### Provided data
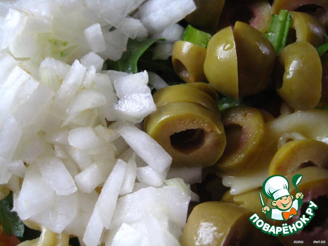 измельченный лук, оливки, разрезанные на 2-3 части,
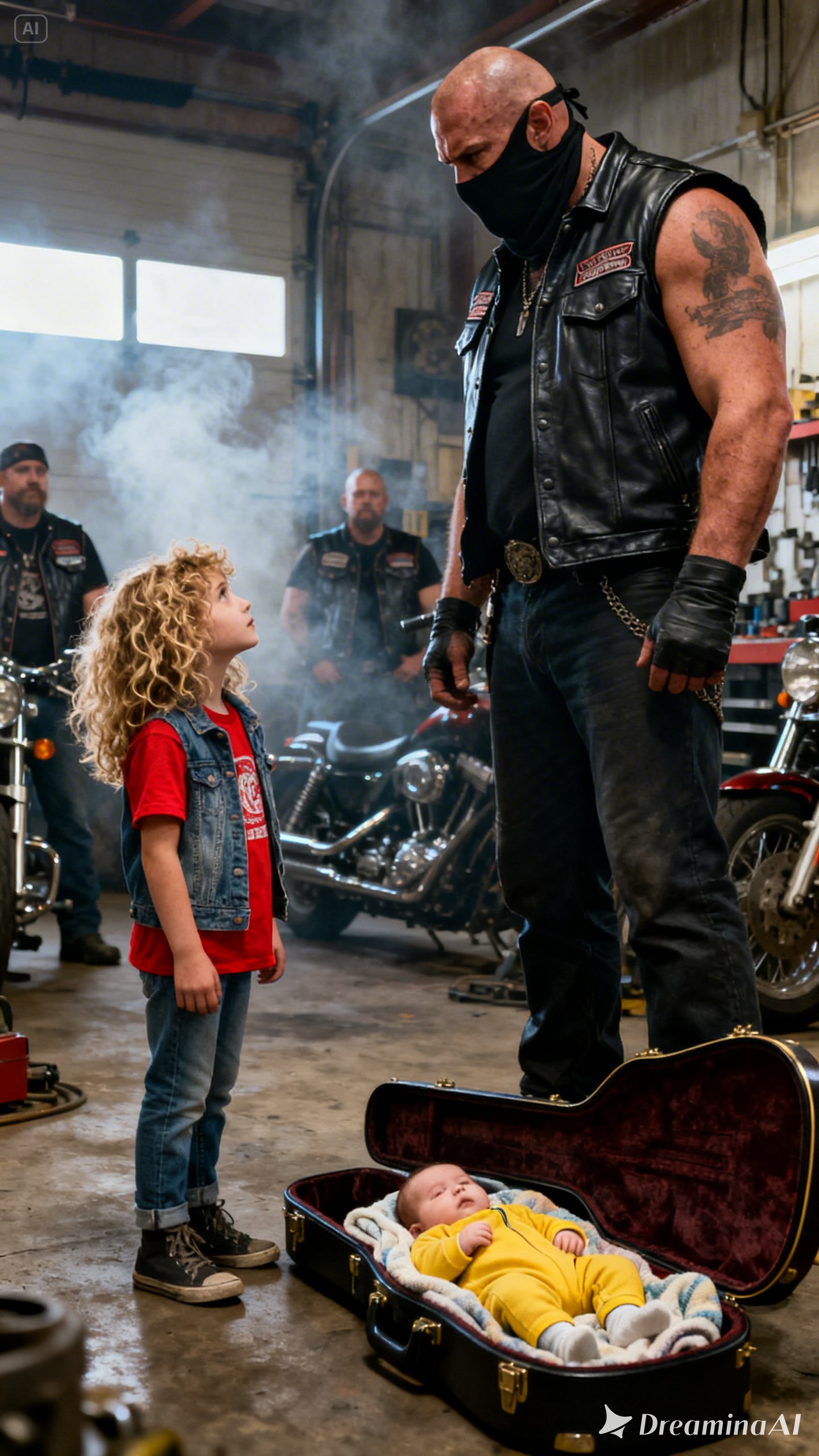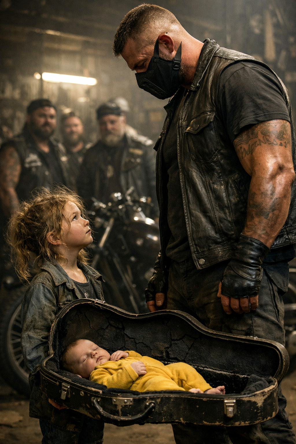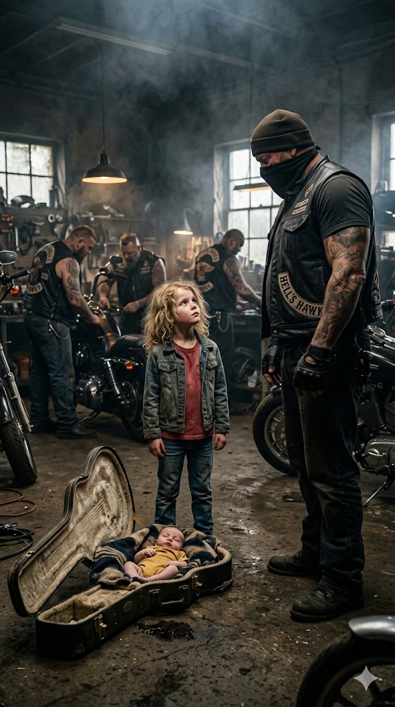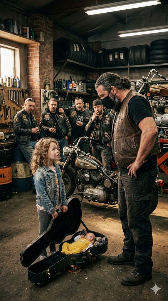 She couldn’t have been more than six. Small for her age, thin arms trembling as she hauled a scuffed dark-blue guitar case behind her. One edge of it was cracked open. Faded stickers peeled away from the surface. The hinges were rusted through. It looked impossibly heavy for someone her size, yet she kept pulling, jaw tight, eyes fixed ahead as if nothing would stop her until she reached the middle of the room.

---

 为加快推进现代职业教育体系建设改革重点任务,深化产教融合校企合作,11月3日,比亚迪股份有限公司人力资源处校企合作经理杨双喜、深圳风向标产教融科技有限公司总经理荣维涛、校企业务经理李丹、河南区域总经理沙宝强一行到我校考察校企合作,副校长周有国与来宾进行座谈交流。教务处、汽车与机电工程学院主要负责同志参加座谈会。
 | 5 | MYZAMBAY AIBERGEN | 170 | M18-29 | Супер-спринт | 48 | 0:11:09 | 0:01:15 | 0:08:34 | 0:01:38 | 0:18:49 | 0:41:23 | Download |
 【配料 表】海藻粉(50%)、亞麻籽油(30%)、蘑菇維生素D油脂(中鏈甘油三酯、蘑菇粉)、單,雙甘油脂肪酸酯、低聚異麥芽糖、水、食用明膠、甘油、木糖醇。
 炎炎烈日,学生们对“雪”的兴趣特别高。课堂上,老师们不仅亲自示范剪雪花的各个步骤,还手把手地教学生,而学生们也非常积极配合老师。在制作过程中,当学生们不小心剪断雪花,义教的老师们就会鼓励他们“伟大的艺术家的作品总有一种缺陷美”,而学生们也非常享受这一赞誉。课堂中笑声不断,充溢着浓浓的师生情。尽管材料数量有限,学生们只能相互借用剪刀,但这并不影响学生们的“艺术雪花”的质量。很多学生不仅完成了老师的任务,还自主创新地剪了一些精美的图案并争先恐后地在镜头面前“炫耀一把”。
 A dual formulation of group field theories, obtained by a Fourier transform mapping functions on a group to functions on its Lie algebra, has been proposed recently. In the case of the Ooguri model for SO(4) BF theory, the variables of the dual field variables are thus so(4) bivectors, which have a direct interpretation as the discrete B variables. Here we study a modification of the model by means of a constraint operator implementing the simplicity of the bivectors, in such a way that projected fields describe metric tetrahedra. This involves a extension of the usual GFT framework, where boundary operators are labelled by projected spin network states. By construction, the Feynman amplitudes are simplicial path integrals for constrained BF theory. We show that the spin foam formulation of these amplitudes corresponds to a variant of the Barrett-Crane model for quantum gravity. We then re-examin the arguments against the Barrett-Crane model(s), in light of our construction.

### Task instructions
Write out exactly the lines above between the one with "измельченный лук, оливки, разрезанные" and the one with "She couldn’t have", inclusive, with pictures left out.

### Worked solution
 измельченный лук, оливки, разрезанные на 2-3 части,
 She couldn’t have been more than six. Small for her age, thin arms trembling as she hauled a scuffed dark-blue guitar case behind her. One edge of it was cracked open. Faded stickers peeled away from the surface. The hinges were rusted through. It looked impossibly heavy for someone her size, yet she kept pulling, jaw tight, eyes fixed ahead as if nothing would stop her until she reached the middle of the room.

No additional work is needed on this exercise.